» TASK
Pictures excluded, please retype exactly the lines from the start of the data through the line that contains "这里的int类型的pa指针代", both ends kept, and nothing beyond them.

:: DATA EXCERPT

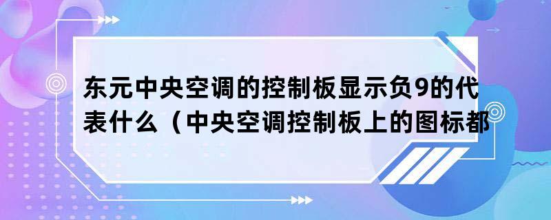 东元中央空调的控制板显示负9的代表什么E1:压缩机高压保护。当室外环境温度高于43℃时,开始降温。3.室外风机不转或转慢:解决方法、风机更换、风机电容。高压保护故障:解决方案,积雪过多,高压保护器损坏,信号线断裂或室内机控制面板损坏。以上解答不能解决您的问题,请网页或电话咨询师傅上门解决!
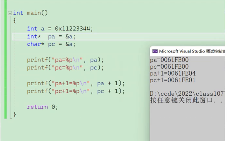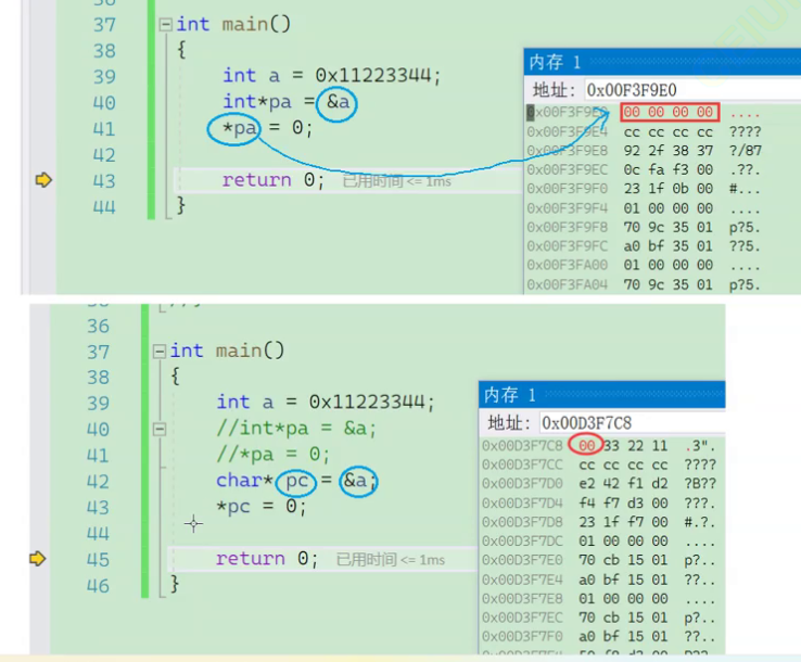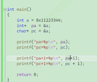 这里的int类型的pa指针代码运行时操作了4个字节的数据,而char类型的指针只操作了1个字节的数据
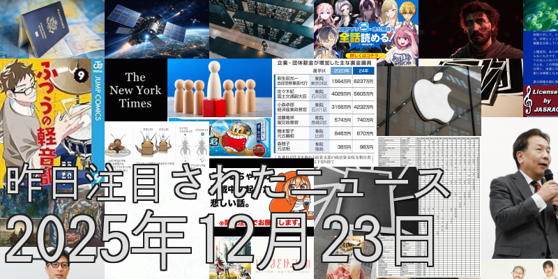 12月24日(水)本日のイベント:クリスマスイブ。マウスコンピューターの冬のボーナスセール最終日(来年からPCはメモリ高騰などで大幅値上げらしい)。火災報知器のガチャ発売。。昨日の注目ニュース100+α
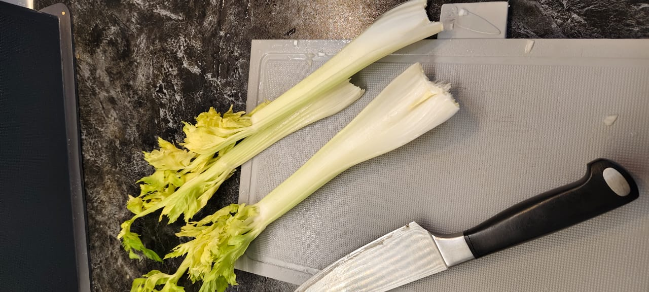Смешиваю на сковороде нарезанный лук и сельдерей. Смешиваю растительное и сливочное масло. Поджариваю.

::::

» OUTPUT FOR THIS EXERCISE
 东元中央空调的控制板显示负9的代表什么E1:压缩机高压保护。当室外环境温度高于43℃时,开始降温。3.室外风机不转或转慢:解决方法、风机更换、风机电容。高压保护故障:解决方案,积雪过多,高压保护器损坏,信号线断裂或室内机控制面板损坏。以上解答不能解决您的问题,请网页或电话咨询师傅上门解决!
 这里的int类型的pa指针代码运行时操作了4个字节的数据,而char类型的指针只操作了1个字节的数据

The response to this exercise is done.